而 getMessageWithAutograd 會與上下文互動，其程式碼位於 torch/csrc/distributed/autograd/utils.cpp。

Message getMessageWithAutograd(
    const rpc::worker_id_t dstId,
    torch::distributed::rpc::Message&& wrappedRpcMsg,
    MessageType msgType,
    bool forceGradRecording,
    const std::unordered_map<c10::Device, c10::Device>& deviceMap) {
  
  // 獲取到 DistAutogradContainer
  auto& autogradContainer = DistAutogradContainer::getInstance();

  // If there is no valid context and no tensor requires grads, send original
  // rpc message. otherwise, attach grad info and grad functions and send
  // rpcWithAutograd message.
  auto tensorsRequireGrad =
      torch::autograd::compute_requires_grad(wrappedRpcMsg.tensors());
  if (!autogradContainer.hasValidContext() ||
      (!forceGradRecording && !tensorsRequireGrad)) {
    return std::move(wrappedRpcMsg);
  }

  // Retrieve the appropriate context to modify.
  auto autogradContext = autogradContainer.currentContext(); // 獲取到上下文，每個worker都有自己的上下文

  // Wrap the original rpc with autograd information.
  // newAutogradMessageId 會生成一個messageID
  AutogradMetadata autogradMetadata( // 構建了 AutogradMetadata
      autogradContext->contextId(), autogradContainer.newAutogradMessageId());
  auto rpcWithAutograd = std::make_unique<RpcWithAutograd>(
      RpcAgent::getCurrentRpcAgent()->getWorkerInfo().id_,
      msgType,
      autogradMetadata,
      std::move(wrappedRpcMsg),
      deviceMap);

  if (tensorsRequireGrad) {
    // Record autograd information for 'send'.
    addSendRpcBackward( // 這裡把本地上下文，autograd 的元資訊等一起打包
        autogradContext, autogradMetadata, rpcWithAutograd->tensors());
  }
  // Record the workerID
  autogradContext->addKnownWorkerId(dstId);

  return std::move(*rpcWithAutograd).toMessage(); // 最終構建了一個message
}

因此，就引出了AutogradMetadata，DistAutogradContainer 和 DistAutogradContext 等一系列基礎類，我們接下來就仔細分析一下。

1.2 總體思路

我們概括一下總體思路。

先看看問題：假如一套系統包括 a，b，c 三個節點，每個節點執行一個 worker，那麼當執行一個傳播操作，我們涉及到在這三個節點之間互相傳播。
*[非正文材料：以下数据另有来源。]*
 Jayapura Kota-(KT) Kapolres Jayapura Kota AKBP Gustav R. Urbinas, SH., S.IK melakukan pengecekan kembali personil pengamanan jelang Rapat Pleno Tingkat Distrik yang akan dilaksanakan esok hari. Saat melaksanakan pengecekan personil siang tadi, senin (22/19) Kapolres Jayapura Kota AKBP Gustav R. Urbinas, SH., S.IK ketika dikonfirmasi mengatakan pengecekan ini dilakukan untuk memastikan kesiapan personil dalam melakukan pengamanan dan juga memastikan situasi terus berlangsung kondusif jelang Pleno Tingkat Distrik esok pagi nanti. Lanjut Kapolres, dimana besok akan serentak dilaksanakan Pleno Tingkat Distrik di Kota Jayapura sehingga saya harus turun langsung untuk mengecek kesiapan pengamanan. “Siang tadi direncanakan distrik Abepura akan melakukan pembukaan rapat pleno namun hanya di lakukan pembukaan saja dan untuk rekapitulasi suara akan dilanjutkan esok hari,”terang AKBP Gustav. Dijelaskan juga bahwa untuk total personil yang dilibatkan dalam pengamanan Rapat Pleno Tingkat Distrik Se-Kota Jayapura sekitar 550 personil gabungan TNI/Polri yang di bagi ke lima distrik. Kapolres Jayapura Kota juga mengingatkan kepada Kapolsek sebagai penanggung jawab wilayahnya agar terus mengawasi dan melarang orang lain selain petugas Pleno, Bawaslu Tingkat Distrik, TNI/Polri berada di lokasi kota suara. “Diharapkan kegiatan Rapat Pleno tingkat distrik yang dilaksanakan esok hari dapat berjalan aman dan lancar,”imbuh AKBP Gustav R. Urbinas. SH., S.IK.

因此我們需要一個機制，來在這三個節點之中唯一標示這個傳播過程，在這個傳播過程之中，也要在每一個節點之上把每一個send/recv都標示出來，這樣才能讓節點可以支援多個操作並行。

再看看解決方案：

使用上下文來唯一標示一個傳播過程。DistAutogradContext 儲存在一個worker之上的每一個分散式autograd的相關資訊，其在分散式 autograd 之中封裝前向和後向傳播，累積梯度，這避免了多個worker在彼此的梯度上互相影響。每個自動微分過程被賦予一個唯一的 autograd_context_id，在容器中，這個微分過程的上下文(DistAutogradContext) 依據這個autograd_context_id 來唯一確認。
使用autogradMessageId 來表示一對 send/recv autograd 函式。每send-recv對被分配一個全域性唯一的autograd_message_id 以唯一地標識該send-recv對。這對於在向後傳播期間查詢遠端節點上的相應函式很有用。
最後，每個worker需要有一個地方來保持上下文和messageid，所以有了DistAutogradContainer這個類。每個worker擁有唯一一個單例DistAutogradContainer，其負責：
- 對於每一個自動微分過程儲存其分散式上下文。
- 一旦這個自動微分過程結束，就清除其資料。

0x02 AutogradMetadata

2.1 定義

AutogradMetadata 這個類是用來在不同節點之間傳遞 autograd 的元資訊，就是把上下文等資訊封裝了一下。即，傳送方通知接收方自己的上下文資訊，接收方會依據收到的這些上下文資訊作相應處理。

我們提前劇透，接收方會使用 autogradContextId 和 autogradMessageId 分別作為上下文和訊息的唯一標示。從註釋之中可以知道。
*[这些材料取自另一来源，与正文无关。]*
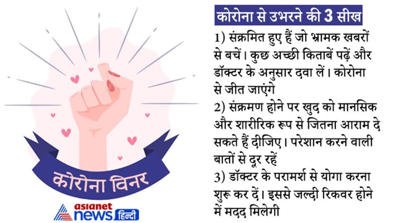 कोरोना से लड़ने के दौरान मुझे महसूस हुआ शारीरिक की बजाय मानसिक रूप से मजबूत होने पर संक्रमण को हराया जा सकता है। इसके लिए अच्छी किताबें और उन लोगों की कहानियां पढ़ना फायदेमंद होता है जिन्होंने पहले संक्रमण को मात दिया है। ऐसे में कोरोना को हराने की मेरी तीन सीख है।

autogradContextId 是全域性唯一整數，用來表示一個唯一的分散式 autograd 傳播過程（包括前向傳播和後向傳播）。一個傳播過程會包括在反向傳播鏈條上的多對send/recv autograd 函式。
autogradMessageId 是全域性唯一整數，用來表示一對 send/recv autograd 函式。每send-recv對被分配一個全域性唯一的autograd_message_id 以唯一地標識該send-recv對。這對於在向後傳播期間查詢遠端節點上的相應函式很有用。
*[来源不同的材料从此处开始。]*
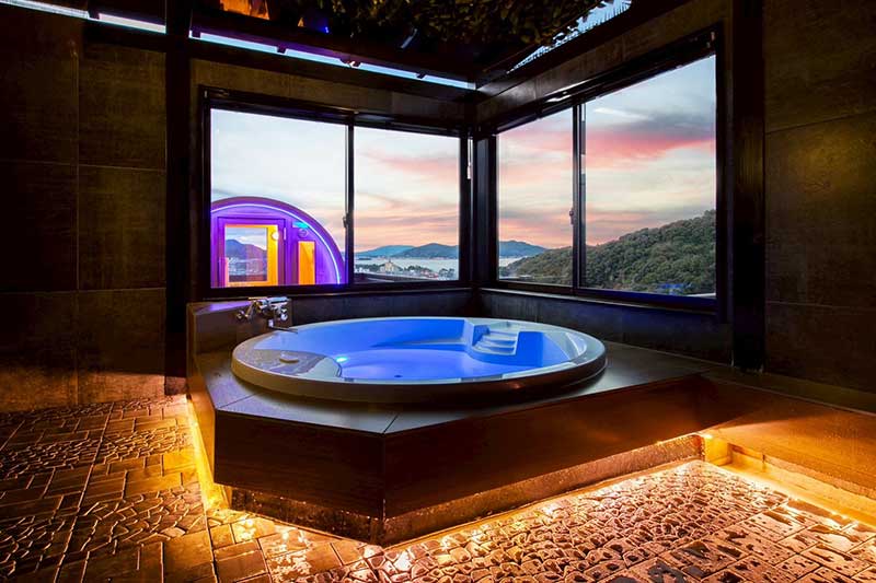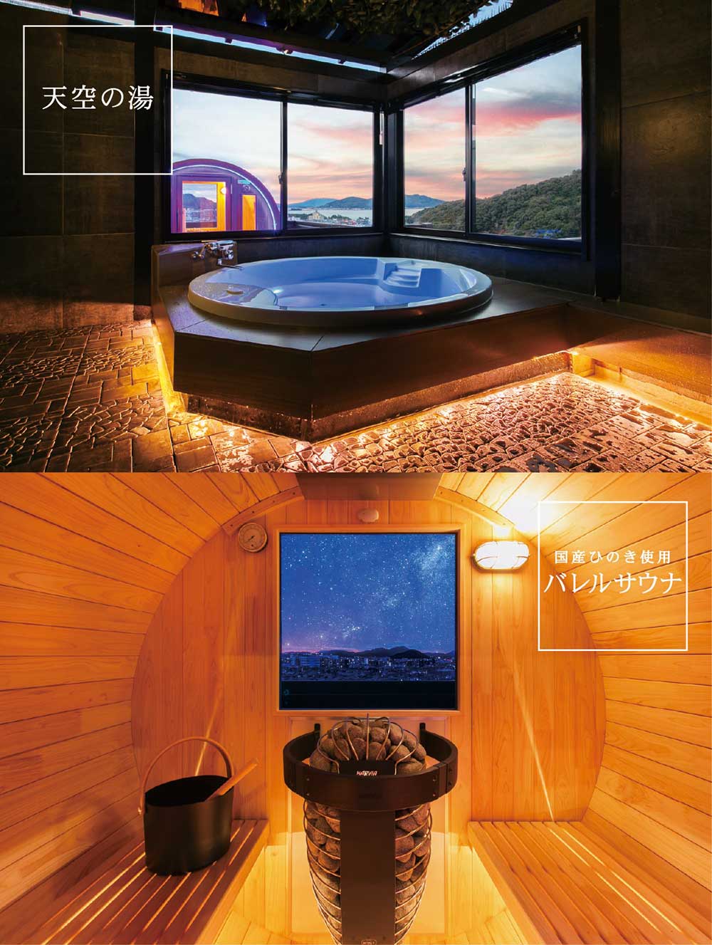 日中は海が見え、夜は福岡の夜景が楽しめる解放感抜群の「天空の湯」。

// This structure represents autograd metadata that we need to pass across
// different nodes when we call an RPC which needs autograd computation.
struct TORCH_API AutogradMetadata {
  AutogradMetadata(int64_t autogradContextId, int64_t autogradMessageId);

  // autogradContextId_ is a globally unique integer that identifies a
  // particular distributed autograd pass.
  int64_t autogradContextId;
  // autogradMessageId_ is a globally unique integer that identifies a pair
  // of send/recv autograd functions.
  int64_t autogradMessageId;
};

那麼問題來了，autogradContextId 和 autogradMessageId 分別怎麼做到全域性（包括多個節點）唯一呢？

2.2 autogradMessageId

我們先概括一下：autogradMessageId 是由 rank 間接生成的，然後在內部進行遞增，所以可以保證全域性唯一。

我們從後往前推導。

先看 newAutogradMessageId 是如何生成訊息 id，原來是在 DistAutogradContainer 之中的成員變數 next_autograd_message_id_ 遞增得到。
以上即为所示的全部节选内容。